15. Voor zover [eiser] het onderhavige verweer doet steunen op de stelling dat, zo er al een tot levering van de vorderingen bestemde akte is opgemaakt, geen (tijdige) mededeling van de inhoud van de akte is gedaan, kan het evenmin doel treffen. De mededeling van de akte als bedoeld in art. 3:94 lid 1 BW aan de debitor-cessus kan in iedere vorm geschieden en pleegt bij executies op de voet van art. 477bb Rv plaats te vinden door betekening van het proces-verbaal aan de debitor-cessus. Vgl. Jansen, a.w., blz. 96, en Broekveldt, a.w. (diss.), blz. 213. Het proces-verbaal is in het onderhavige geval als bijlage bij het schorsingsexploot op 5 juni 2009 aan Forward en Chipshol betekend. Voor zover [eiser] betoogt dat op die datum de bevoegdheid tot het doen van de mededeling was komen te vervallen, aangezien [eiser] vóór 5 juni 2009, namelijk op 2 juni 2009, alsnog zou zijn overgegaan tot betaling van het nog openstaande bedrag aan proceskosten, moet dit betoog falen, reeds omdat Hydra heeft gesteld dat direct na de executoriale verkoop op 27 mei 2009 aan (vertegenwoordigers van) Forward en Chipshol mondeling mededeling is gedaan en Forward en Chipshol dit ieder voor zich bij hun akte uitlating ter rolle van 25 juni 2010 hebben bevestigd. Anders dan [eiser] aanvoert, is aan de in art. 3:94 lid 1 BW gestelde vereisten voor levering derhalve voldaan.

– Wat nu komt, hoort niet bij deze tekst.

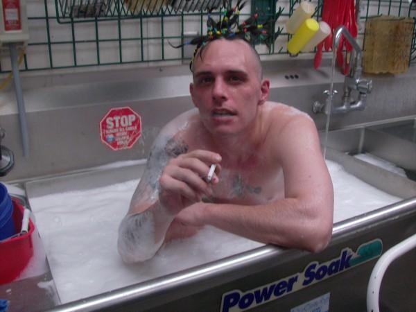 當(dāng)時(shí)片中男主角自稱(chēng)是“動(dòng)蕩先生”(Mr.Unstable),浸浴是為了慶祝生日。
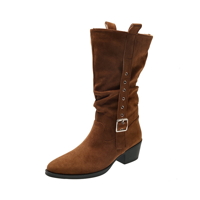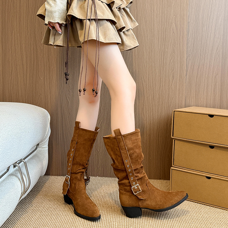 女靴子靴子韩版潮时尚保暖防滑长靴圆头粗跟
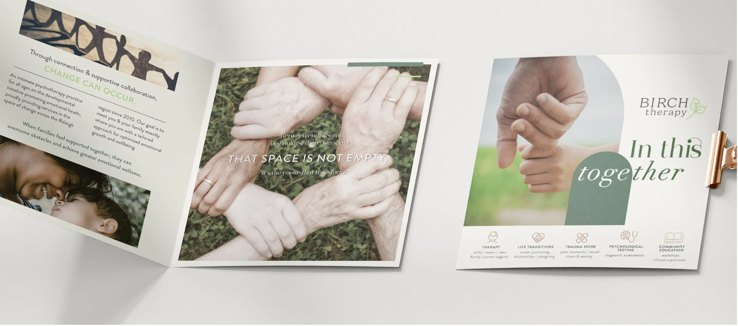 IDEATE: Conceptualize Birch Therapy’s mission to support individuals through key life transitions with tailored support, creating a nurturing
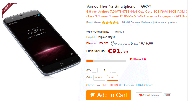 Το Vernee Thor κοστίζει €91.28 μόνο για λίγες ημέρες και μπορούμε να το αγοράσουμε από εδώ.
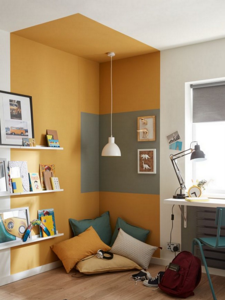 Créez un coin lecture et détente coloré dans un angle de la chambre de mini. Quelques coups de pinceaux suffisent pour délimiter un espace dédié. Posez un matelas de sol et quelques coussins par terre : le tour est joué.
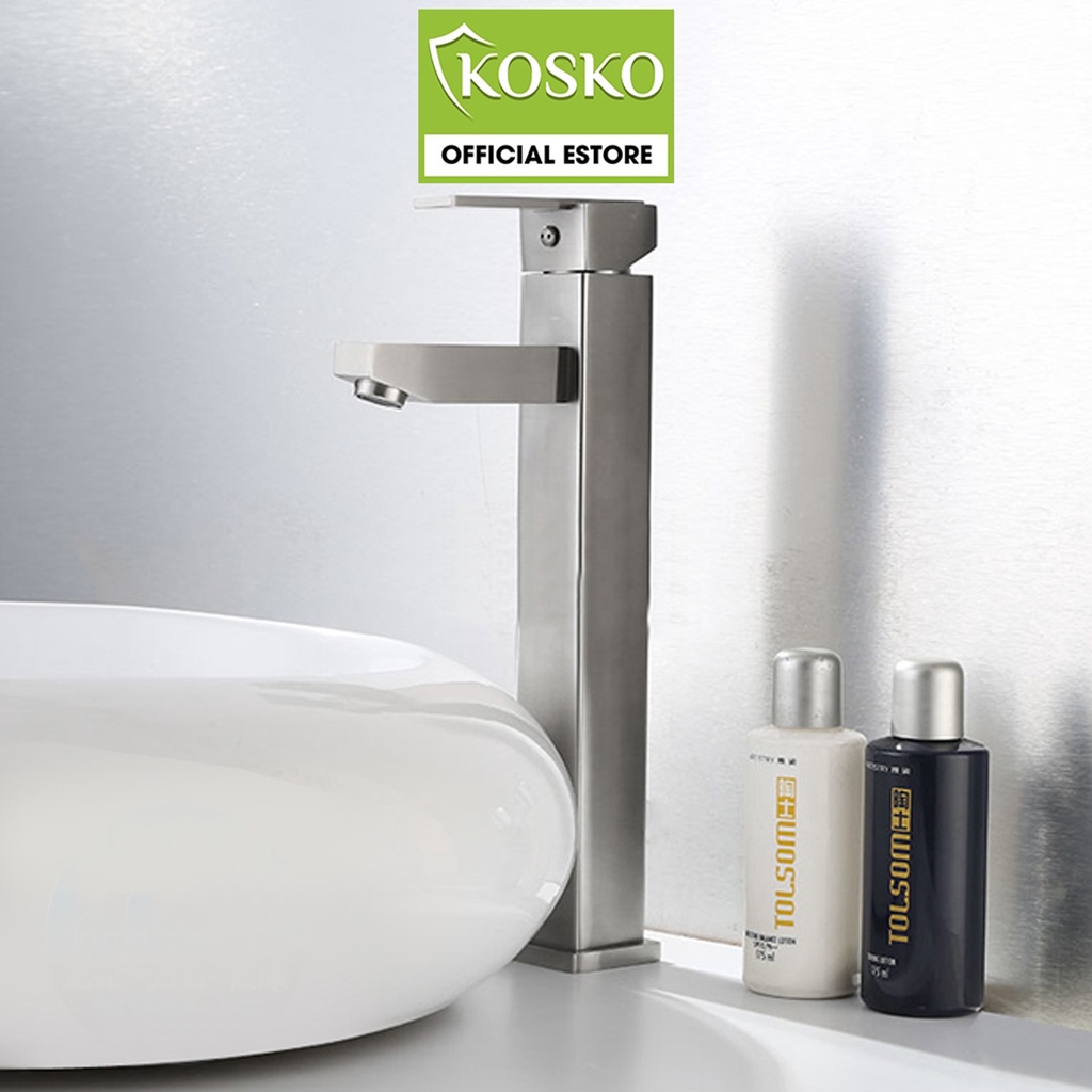 Vòi lavabo NL inox SUS 304 KOSKO vuông cao 30cm (Hàng chuẩn loại 1) (Tặng kèm dây cấp) phù hợp với mọi loại chậu rửa mặt

16. Op grond van het vorenstaande moet worden aangenomen dat sprake is van de in art. 225 lid 1 onder c Rv bedoelde grond voor schorsing van het geding en dat de schorsing ingevolge art. 225 lid 2 Rv (in elk geval) met ingang van 16 oktober 2009 plaatsvindt.
De conclusie strekt ertoe dat de Hoge Raad zal verstaan dat het geding met ingang van 16 oktober 2009 is geschorst.